* [Task objective] The material below holds pictures; leave them out and reproduce exactly the lines from the one with "2pcs Rhinestone Decor" through the one with "The document summarizes", inclusive.

(Beginning of Exercise input)

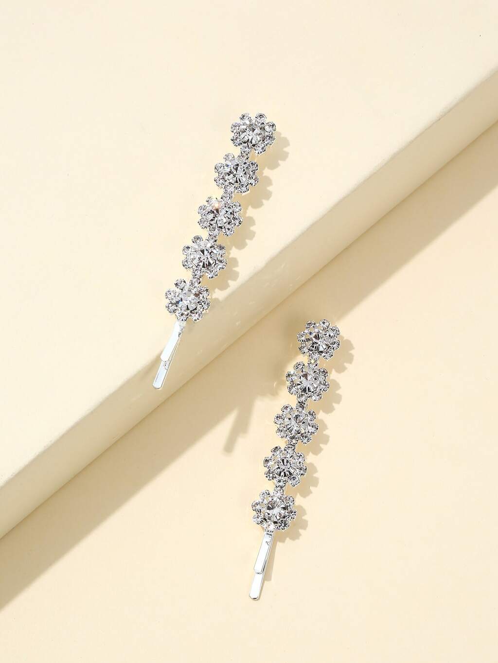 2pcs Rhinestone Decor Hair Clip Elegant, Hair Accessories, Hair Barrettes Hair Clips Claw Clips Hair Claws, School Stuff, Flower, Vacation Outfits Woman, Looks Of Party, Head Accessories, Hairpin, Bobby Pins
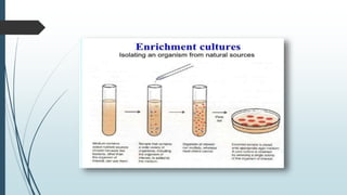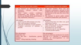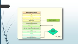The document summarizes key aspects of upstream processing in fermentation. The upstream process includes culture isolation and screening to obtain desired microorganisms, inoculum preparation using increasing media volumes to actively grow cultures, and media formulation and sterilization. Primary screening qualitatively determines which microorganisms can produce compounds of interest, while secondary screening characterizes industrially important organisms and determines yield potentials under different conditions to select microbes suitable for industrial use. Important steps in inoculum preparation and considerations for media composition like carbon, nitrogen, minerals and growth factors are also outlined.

(End of Exercise input)
(Beginning of Exercise input)

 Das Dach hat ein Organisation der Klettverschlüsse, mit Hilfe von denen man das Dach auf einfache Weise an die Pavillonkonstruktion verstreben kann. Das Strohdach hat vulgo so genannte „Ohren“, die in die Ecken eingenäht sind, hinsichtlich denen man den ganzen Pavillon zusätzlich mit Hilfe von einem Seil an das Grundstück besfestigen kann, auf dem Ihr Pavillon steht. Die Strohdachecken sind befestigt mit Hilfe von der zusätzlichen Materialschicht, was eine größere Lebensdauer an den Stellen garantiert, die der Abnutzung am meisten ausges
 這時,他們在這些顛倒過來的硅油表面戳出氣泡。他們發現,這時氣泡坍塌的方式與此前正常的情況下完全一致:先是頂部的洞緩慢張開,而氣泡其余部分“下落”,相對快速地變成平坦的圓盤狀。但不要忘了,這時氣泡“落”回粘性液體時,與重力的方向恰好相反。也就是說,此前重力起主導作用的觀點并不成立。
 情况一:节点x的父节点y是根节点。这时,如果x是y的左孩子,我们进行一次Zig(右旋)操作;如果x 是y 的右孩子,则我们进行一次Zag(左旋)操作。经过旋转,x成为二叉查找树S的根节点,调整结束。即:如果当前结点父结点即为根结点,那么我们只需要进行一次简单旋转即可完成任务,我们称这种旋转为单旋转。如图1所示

(End of Exercise input)

* [Answer area]
 2pcs Rhinestone Decor Hair Clip Elegant, Hair Accessories, Hair Barrettes Hair Clips Claw Clips Hair Claws, School Stuff, Flower, Vacation Outfits Woman, Looks Of Party, Head Accessories, Hairpin, Bobby Pins
The document summarizes key aspects of upstream processing in fermentation. The upstream process includes culture isolation and screening to obtain desired microorganisms, inoculum preparation using increasing media volumes to actively grow cultures, and media formulation and sterilization. Primary screening qualitatively determines which microorganisms can produce compounds of interest, while secondary screening characterizes industrially important organisms and determines yield potentials under different conditions to select microbes suitable for industrial use. Important steps in inoculum preparation and considerations for media composition like carbon, nitrogen, minerals and growth factors are also outlined.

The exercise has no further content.